Introduction
At the end of 2025, Americans who buy their health insurance on the Affordable Care Act (ACA) marketplaces will no longer have access to enhanced premium tax credits to help defray the cost of their coverage. If Congress takes no action to extend them, nearly 5 million people are estimated to become uninsured in 2026, and insurance premium costs will soar for millions more.1
The end of this enhanced financial assistance for low- and middle-income Americans has become a sticking point in the ongoing congressional debate over a continuing resolution (CR) to extend funding for the federal government in fiscal year 2026, which began on October 1, 2025. Democrats in Congress are seeking to extend the enhanced marketplace tax credits to prevent health insurance costs from rising and prevent people from becoming uninsured. Democrats also request the cancellation of cuts to Medicaid and other health coverage included in the tax and spending bill, H.R. 1 (also referred to as the One Big Beautiful Bill Act or the Working Families Tax Cut Act), passed in July. For their part, congressional Republicans and the White House say they want to pass a “clean” CR immediately —simply extending prior funding levels without additional conditions — but might consider negotiations to revise the ACA subsidies later in the year.2
As of mid-October, the CR and the fate of the enhanced marketplace subsidies are up in the air, as neither Republicans nor Democrats have the 60 votes needed in the Senate to pass a CR.

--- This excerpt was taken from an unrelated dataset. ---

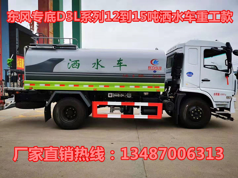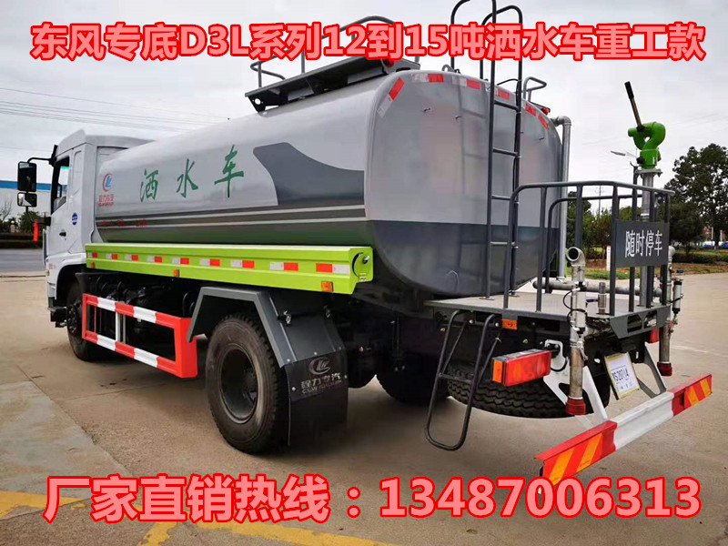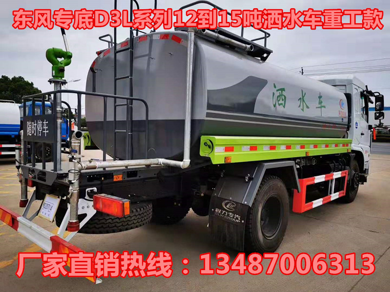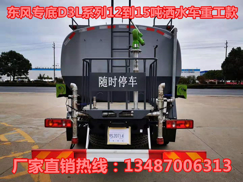 改裝配置:罐體采用4mm厚武鋼專用容積板制作,實際標準容積12.6立方,罐內隔板具有防波作用,以減低汽車行駛時罐體液體的沖擊。泵進泵出,消防栓接口,前沖、后灑、側噴、后工作平臺帶綠化水炮,垂直吸程≧7米,灑水寬度≧14米,射程≧28米,引水時間<5min,流量90m3/h。自流閥、濾網、帶自吸自排功能。兩根等長輸水管,金屬漆,其余標配。可加裝空調、加裝藥盤、氣動控制閥、噴藥設備、噴霧機組、箭頭燈、自流口等。

In this brief, we draw on recent data provided by the Urban Institute and the Congressional Budget Office (CBO) to update our analysis from earlier this year exploring the economic impact of letting the enhanced ACA marketplace tax credits expire.3 CBO estimated that it would cost the federal government $31 billion to restore the expiring credits and make related changes.4
Using 2025 data on the number of people selecting ACA marketplace plans, Urban Institute researchers have estimated that the end of enhanced tax credits will lead to 7.3 million people losing their ACA coverage in 2026, of whom 4.8 million would become uninsured. The loss of the additional subsidies are projected to increase how much marketplace enrollees must pay by an average of 114 percent, from an average of $888 to $1,904 per year.5 The higher costs will exceed the budget of many Americans, forcing about 2.5 million to shift into other coverage,6 while nearly 5 million become uninsured. Previous research found that those who lose their health insurance may experience prolonged periods without coverage, either because of their inability to afford it or because of the burdensome paperwork required to obtain new coverage.7
Economic Impact Findings
National Impact
For our updated analysis, we used the IMPLAN economic modeling system to estimate the national impact of allowing enhanced premium tax credits to expire in January.8 Here are the key findings:
- Federal funding for marketplace premium tax credits will decline by $31 billion in 2026 from current levels.
- The resulting reductions in funding for health care, together with related downstream economic effects for businesses that serve health providers and their staff, will cause state economies (gross domestic products, or GDPs) to fall by about $40.7 billion. The loss to state economies would be 31 percent greater than the amount the federal government would save from not providing the enhanced tax credits. These estimates are conservative.
- Approximately 339,100 jobs are projected to be lost in 2026, as loss of income forces health care providers and other businesses to reduce their workforces. Slightly less than half of these jobs (154,000) will be health care–related, while the rest (185,000) will be in other sectors of the economy.
- The loss of individual and business income will cause state and local tax revenues to decline by $2.5 billion.
State-Level Impact
We also produced economic estimates for each of the 50 states and the District of Columbia, shown in Exhibit 1. Following are some highlights:
Losses will be higher in states where more residents are enrolled in an ACA marketplace plan. The 10 states with the most projected jobs lost are:
- Texas: 83,400
- Florida: 57,500
- Georgia: 33,600
- California: 20,300
- South Carolina: 13,100
- Tennessee: 12,300
- Alabama: 9,100
- Louisiana: 7,000
- North Carolina: 6,900
- Mississippi: 6,700.
These 10 states will collectively lose about 250,000 jobs, accounting for three-quarters of the jobs lost across the United States. Not only will employment weaken in these states, but their residents will also have to spend more of their disposable income on health insurance.
- Since seven of those 10 states (Texas, Florida, Georgia, South Carolina, Tennessee, Alabama, and Mississippi) did not expand Medicaid eligibility, their residents who would otherwise have been eligible for Medicaid often instead rely on insurance coverage through the ACA marketplaces. States that did not expand Medicaid generally have more uninsured residents, so the loss of marketplace coverage worsens their coverage gaps.
- All states will have lower GDPs, fewer jobs, and less state and local tax revenue if the enhanced marketplace financial help expires.